In a population-based, prospective study, Ho-Le and colleagues analyzed data from 1,326 men and 2,189 women aged at least 60 years at study entry (between 1989 and 1992) and followed continuously for 20 years. Incidence of fragility fractures was determined by X-ray reports; femoral neck BMD was assessed by DXA. Researchers also created a polygenic risk score that included the weighted number of risk alleles for each single nucleotide polymorphism, with the weight being regression coefficients associated with BMD. Researchers estimated residual lifetime risk for fracture from age 60 years by survival analysis, considering the competing risk for death.

During 20 years of follow-up, 667 women (31%) and 239 men (18%) sustained at least one fracture.

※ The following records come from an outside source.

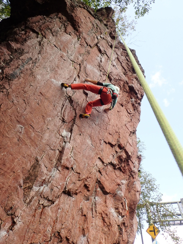 薄かぶりの壁をカチを繋いで登る。小川山の12aでも人気の一本。
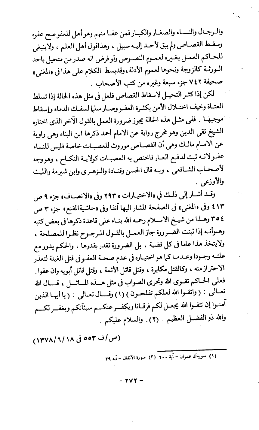 وقد أشار إلى ذلك في "الاختيارات" 293 وفي "الإنصاف" جزء 9 ص413 وفي "المعنى" في الصفحة المشار إليها آنفاً وفي "حاشية المقنع" جزء 4 ص354 وهذا من شيخ الإسلام رحمه الله بناء على قاعدة ذكرها في بضع كتبه وهو أنه إذا ثبتت الضرورة جاز العمل بالقول المرجوح نظراً للمصلحة، ولا يتخذ هذا عاماً في كل قضية، بل الضرورة تقدر بقدرها، والحكم يدور مع علته وجوداً وعدماً كما هو اختياره في عدم صحة العفو في قتل الغيلة لتعذر الاحتراز منه، وكالقتل مكابرة، وقتل قاتل الأئمة، وقتل قاتل أبويه وإن عفوا، فعلى الحاكم تقوى الله وتحري الصواب في مثل هذه المسائل، قال الله تعالى: {واتقوا الله لعلكم تفلحون} (¬1) . وقال تعالى: {يا أيها الذين آمنوا إن تتقوا الله يجعل لكم فرقاناً ويكفر عنكم سيئاتكم ويعفر لكم والله ذو الفضل العظيم} (¬2) . والسلام عليكم.
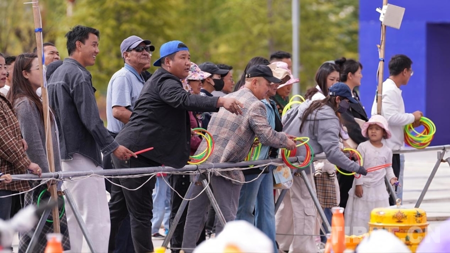 圖為10月2日,市民群眾及游客現(xiàn)場(chǎng)參與各類(lèi)趣味互動(dòng)活動(dòng)
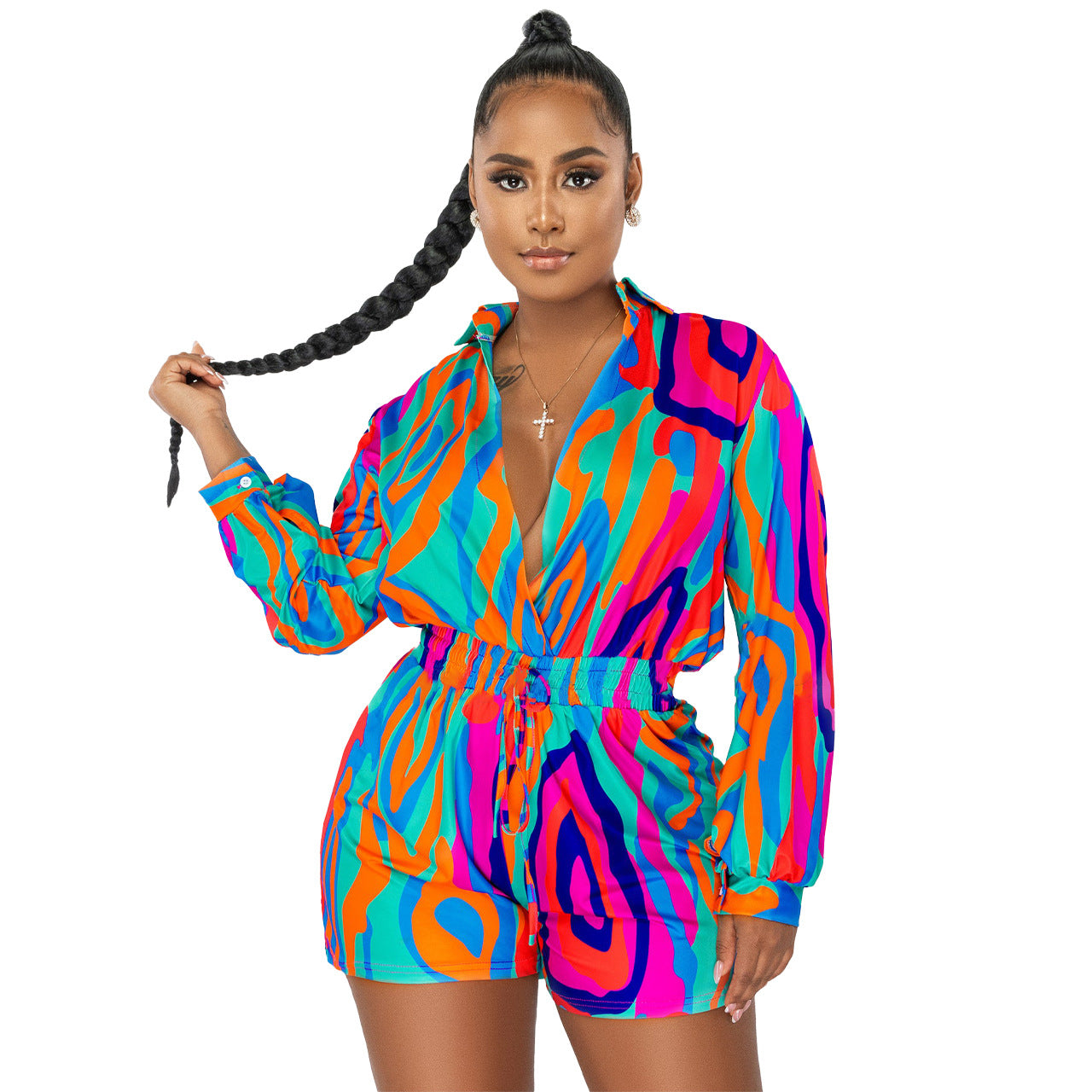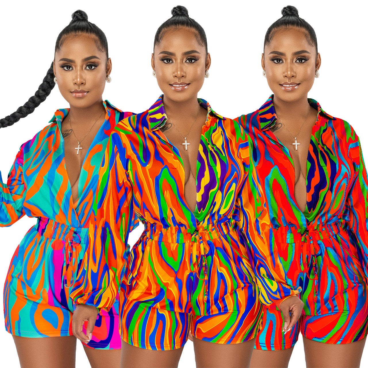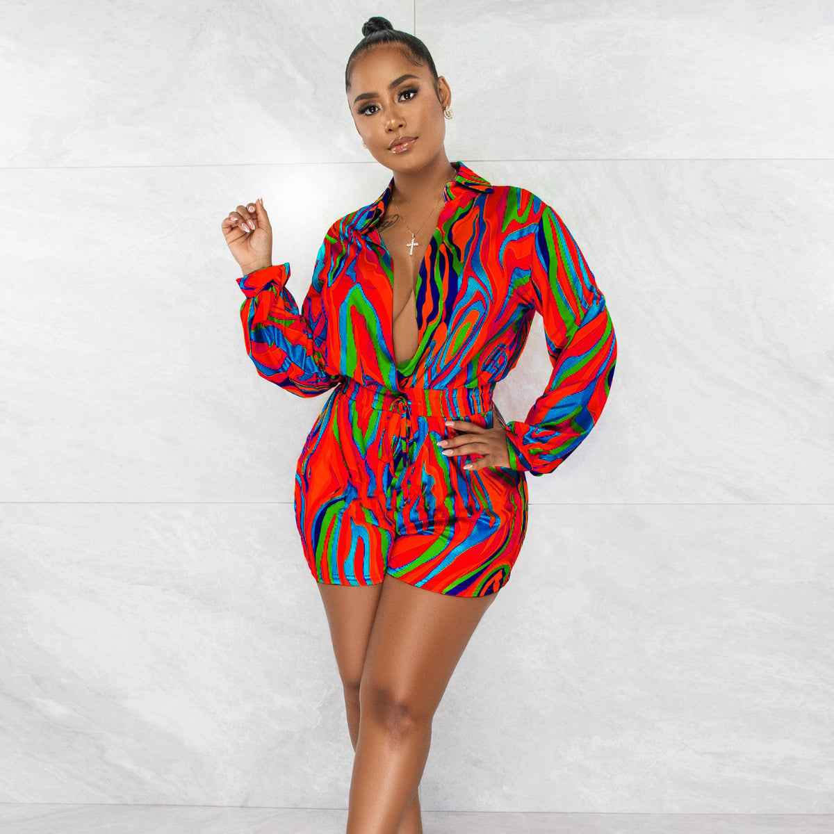 Lapel Print Fitted Waist Jumpsuit(CL10827)
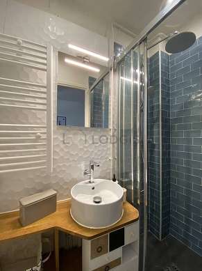 This apartment is equipped with a great bathroom and bright. This bathroom is furnished with all the equipment you need for a comfortable stay: bath towels, shelves, separate shower, sink, sink, mirror, towel rack, towel drying radiator. The toilets are located in the bathroom.
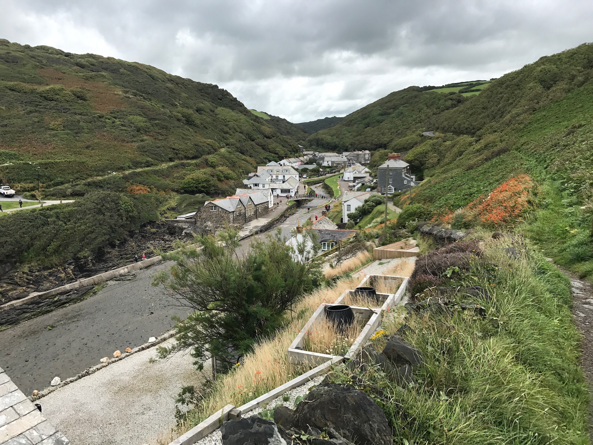 We both headed out then along the coastal path to Tintagel … the guide had promised an easier walk from there on in. Still a number of ups and downs and some pretty giddy steep drops to the side on what was a particularly blowy day. Made it in fairly good time though and found ourselves amongst the throng of tourists in Tintagel.
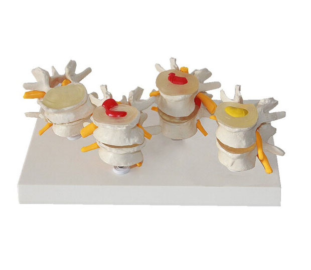 4阶段病态腰椎比较模型由四个腰椎模型组成,包括一个正常椎体组合和三组病变椎体组合,显示4阶段病变腰椎的结构和形态。
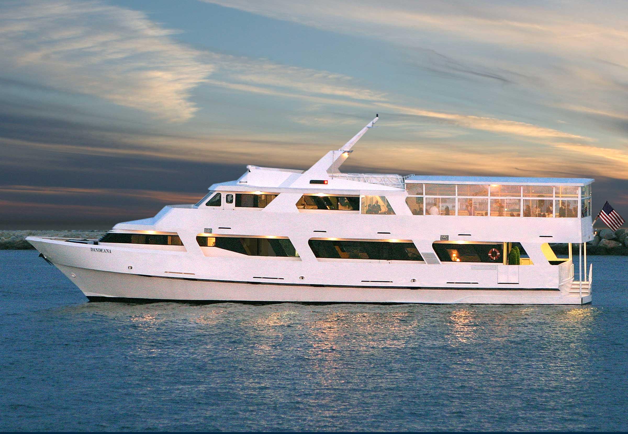 Dandeana has European-design accents, and is 110 feet long with a width of 24 feet. The luxurious Main Salon has modern design accents, complete with sofas, lounge furniture and lighting effects as well as a wall-mounted plasma screen welcoming your guests in style. The second floor Bar and Party Deck are equipped with an additional wall-mounted plasma screen for your DVD presentation, and large sliding glass windows for spectacular views and intimate dining and dancing under a sparkling crystal chandelier. Level three, the open Sky Deck, offers the best views of the marina and is perfect for catching every minute of your event on the tranquil waters of Marina del Rey. In addition, she has a full walk-around deck to enjoy the sights as you cruise.
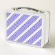 Electric blue and beige five stripe pattern metal lunch box
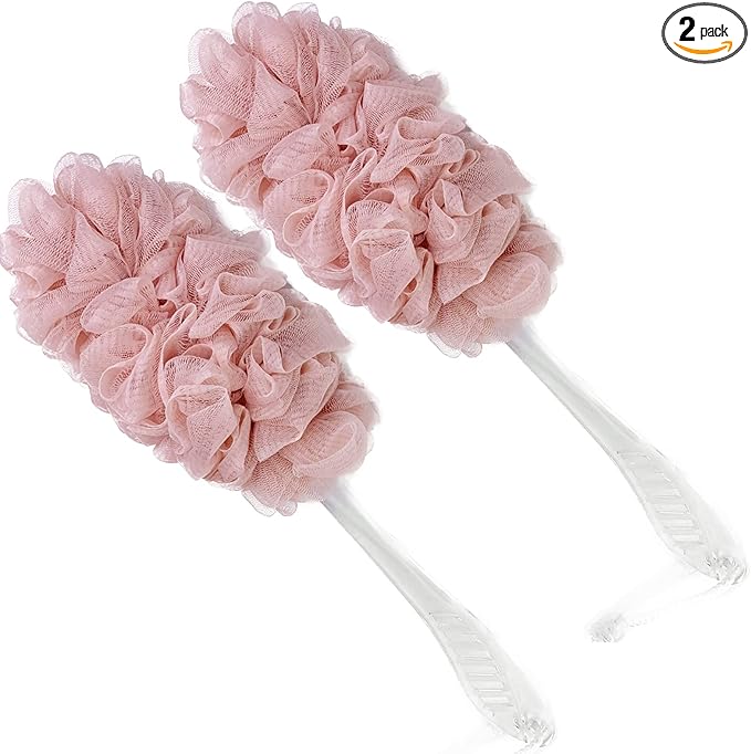 PPHAO - Back Loofah on a Stick for Men - Bath Brush Long Handle for Shower Elderly - Loofah Sponge for Women - Plastic Loofah - Bath Body Brush - Pink Loofah - 2Pack
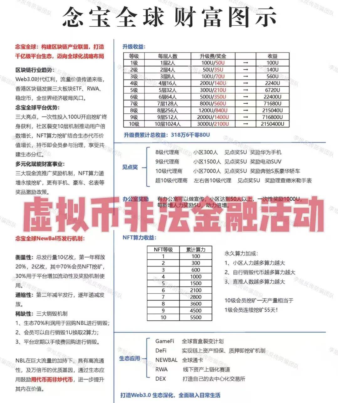 谎称“国家项目”发行所谓的“NIM数字通证”,虚构升值空间。打着“扶贫”“助残”“惜财”的幌子忽悠参与者“自愿捐赠”敛财。
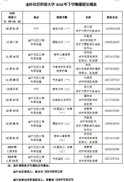 咸宁社区科普大学金叶社区榜样教学点2018年秋季班于10月31日在咸安区温泉街道办事处金叶社区开班。我校作为咸宁社区科普大学总校单位此次仍然负责科普大学教学管理工作。为提高授课的针对性和实用性,此次开课前曾广泛听取社区学员意见,并将意见整理成相关课程面向全校征集授课教师。本次授课教师还吸纳了校外人士的参与。形式多样、精彩纷呈的课程,以及我校教师深厚的理论学识和扎实的手工技艺再一次赢得社区学员的广泛好评。
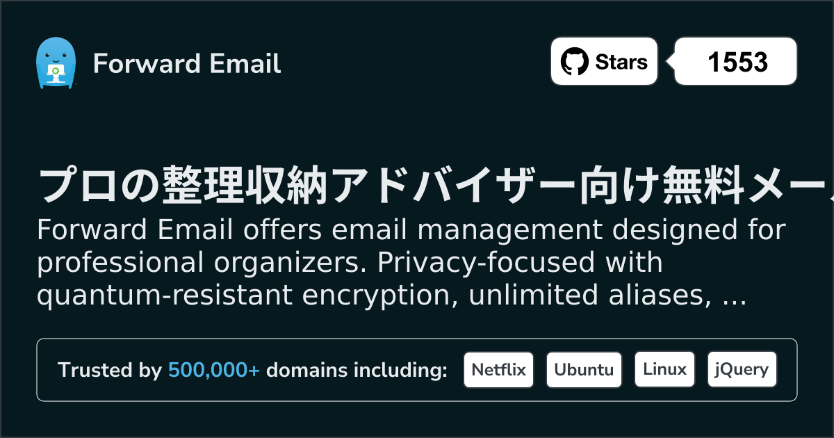 Forward Email offers email management designed for professional organizers. Privacy-focused with quantum-resistant encryption, unlimited aliases, and full email hosting from $3/mo.
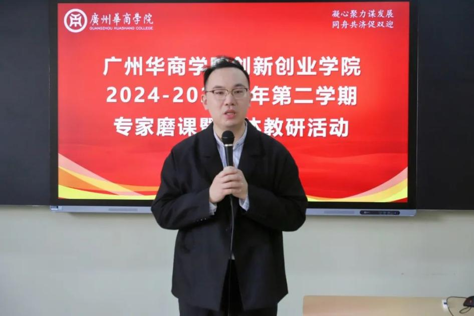 活动伊始,创新创业学院宋元跃副院长向参加本次教研活动的专家、领导、老师表示热烈的欢迎和衷心的感谢。他指出,磨课活动是迎接本科教学工作合格评估的重要举措。学院高度重视集体磨课活动,精心设计,规范流程,强化组织实施。通过专家磨课、集体备课等教研活动持续优化教学方案,逐步打造“理论+实践+案例”的特色教学模式。希望全体教师严格对标《本科教学工作合格评估指标》,不断完善教学大纲与课件设计,确保课程内容与人才培养目标精准对接,不断将创新创业精神、职业素养教育渗透到教学各环节;以“迎评促建”为契机,以“精益求精”的态度打磨每一堂课,为学校高质量通过评估贡献力量。
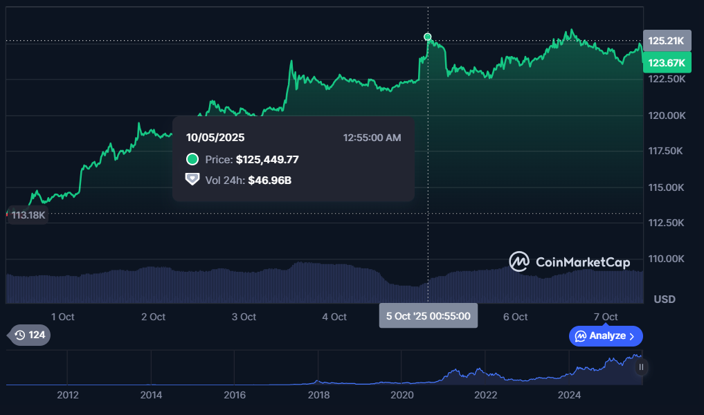 El atractivo de Bitcoin como activo de refugio seguro se está reafirmando, especialmente después del cierre del gobierno de Estados Unidos la semana pasada. Este factor, combinado con la estacionalidad históricamente alcista de octubre, pudo haber proporcionado la chispa para un movimiento de precios sostenido.
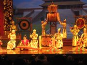 Bronze artifacts also have significant meaning and roles in the Han dynasty as well. People used them for funerary purposes which reflect the aesthetic and artistic qualities of the Han dynasty.[5] Many bronze vessels excavated from tombs in Jiangsu Province, China, have various shapes like Ding, Hu, and Xun which represent traditional Chinese aesthete.[5] These vessels are classical representations of Chinese celestial art forms which play a great role in ancient Chinese's communication with spirits of their ancestors.[5] Other than the vessels, bronze weapons, daily items, and musical instruments are also found in royal Han families' tomb in Jiangsu. Being able to put a full set of Bianzhong in ones tomb signifies his or her status and class in the Han dynasty since this particular type of instrument is only acquired and owned by royal and wealth families.[5] Apparently, Bianzhong and music are also used as a path for the Han rulers to communication with their Gods.[5] The excavation of Bianzhong, a typical and royal instrument found in ancient China, emphasizes the development of complex music systems in the Han dynasty.[5] The set of Bianzhong can vary in many cases; for example, a specific excavation of Bianzhong from Jiangsu Province include different sets of bells, like Niuzhong and Yongzhong bells, and many of them appear in animal forms like the dragon, a traditional Chinese spiritual animal.[5]
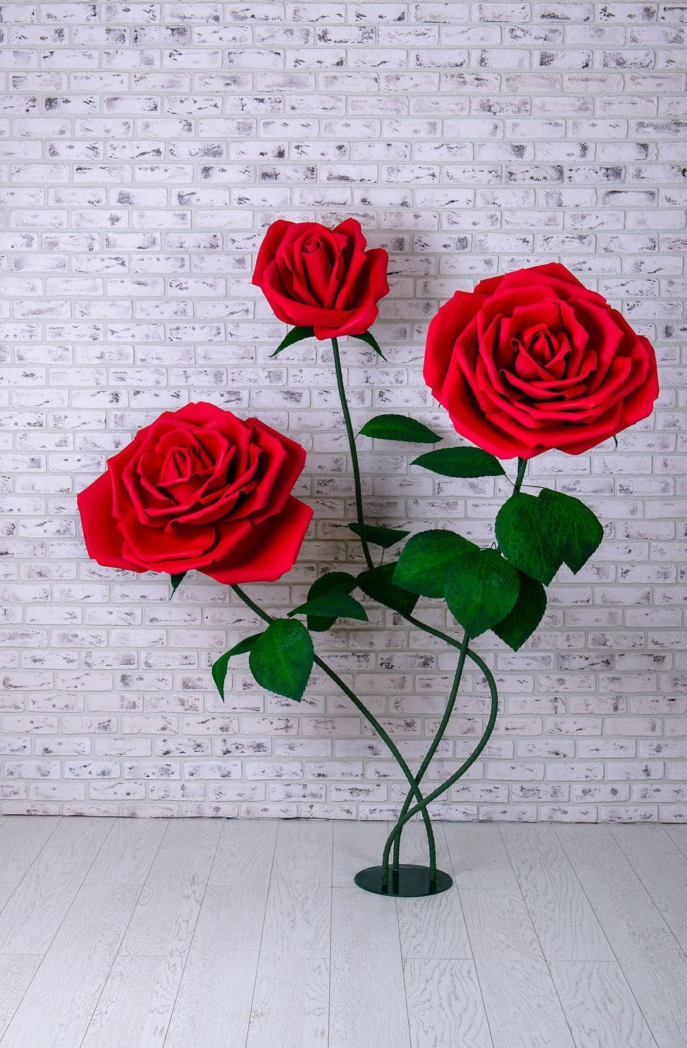 We will need a material with a thickness of at least 1 mm to make the craft voluminous and strong. Colors: dark green, dark pink and light pink. You will also need green isolate, water-based paints, durable wire, glue gun, and any decor to form the core of the flower.
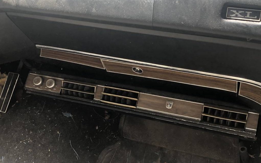 It’s easy to imagine that the interior, as the seller references, is in rough shape. There are two images of door panels that look OK and one of the Ford dealership add-on A/C unit but none of the general upholstery. The door panels actually look pretty good but the dash pad is cracked. And that’s about it for the interior.
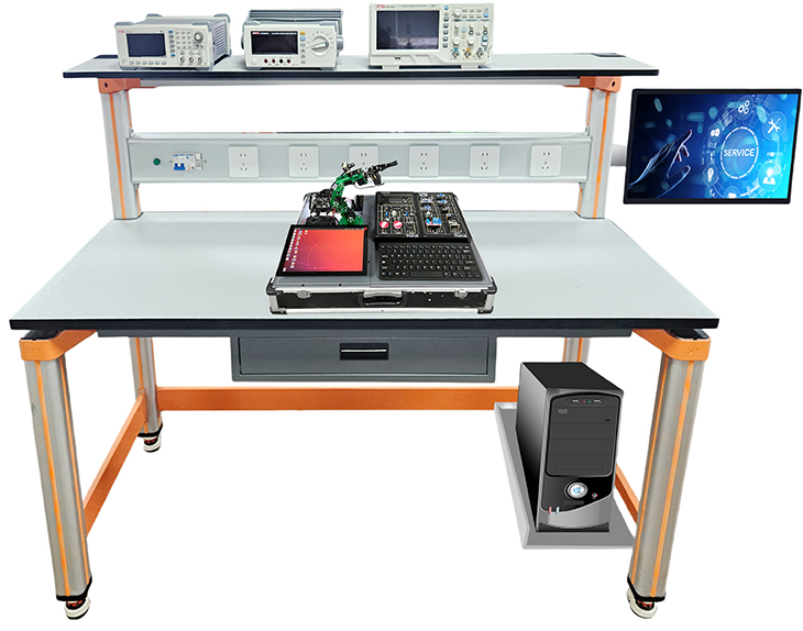 實(shí)訓桌規格為1200(長(cháng))*700(寬)*1150(高),設有一個(gè)鍵盤(pán)托一個(gè)抽屜,桌子下部靠后右邊有一個(gè)電腦主機箱托。實(shí)驗桌主體結構全部采用高性能表面氧化的鋁型材及一次成型鋁壓鑄框架連接構件,連接構件采用壓鑄成型工藝(非焊接工藝),經(jīng)機加工、拋丸、噴砂,表面靜電噴涂工藝,安裝方便、快捷,用戶(hù)可自行DIY組裝。桌體立柱采用工業(yè)鋁型材成型工藝,表面氧化處理,截面尺寸:70mm×70mm,四面帶槽,槽寬約8mm,端部裝有注塑成型配套塑料堵頭。桌面采用25mmE1級三聚氰胺飾面板,桌面板下設支撐框架,承受力不少于300kg。實(shí)訓裝置整體簡(jiǎn)約不簡(jiǎn)單,高端大氣,符合現代化產(chǎn)品審美和發(fā)展趨勢。
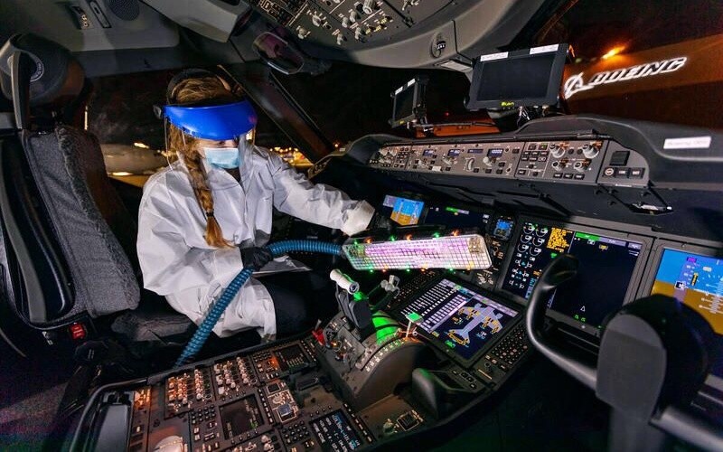 Thứ hai, Boeing phát triển đèn cực tím, giúp khử khuẩn khoang máy bay và buồng lái mà không cần đến các dung dịch khử khuẩn thông thường. Buồng lái có nhiều thiết bị điện tử và nhạy cảm với chất lỏng, do đó, sử dụng đèn cực tím giúp bảo vệ các thiết bị này. Đèn cực tím cũng sẽ có ích cho các hãng hàng không có tần suất khai thác lớn và phải liên tục vận hành máy bay. Gần đây, Boeing đã ký thỏa thuận hợp tác đối tác để sản xuất thiết bị này. Trong chương trình ecoDemonstrator, hãng cũng thử nghiệm lớp phủ kháng khuẩn có thể sử dụng tại các khu vực thường xuyên tiếp xúc trong khoang máy bay.
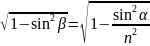 sinα/sinβ=n/1→sinβ=sinα/n
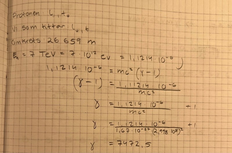 ”Protonaccelerationen LCH vid CERN i Schweiz är cirkelformad med omkretsen 26 659 m. Protonerna i ringen har rörelseenergin 7 TeV. Hur lång tid tar ett varv ur protonernas perspektiv?”

After adjusting for competing risk for death, residual lifetime risk for fracture from age 60 years was 36% for women (95% CI, 34-39) and 21% for men (95% CI, 18-24). Greater polygenic risk score was associated with higher lifetime risk for fracture. Among women and men with a polygenic risk score of at least 4.24 (median), lifetime fracture risk was 42% for women and 24% for men.

After adjustment for mortality, residual lifetime risk for fracture was 10% for women (95% CI, 8-12) and 5% for men (95% CI, 3-6), and a higher polygenic risk score was associated with a higher lifetime risk for hip fracture.

The association of polygenic risk score and residual lifetime risk for fracture was independent of femoral neck BMD, according to researchers.

“The finding raises the possibility of personalized fracture risk assessment by using an osteogenomic profile,” the researchers wrote. – by Regina Schaffer

Reference:

Ho-Le, et al. Abstract FR0089. Presented at: American Society for Bone and Mineral Research Annual Meeting; Sept. 8-11, 2017; Denver.

Disclosure: Ho-Le reports no relevant financial disclosures.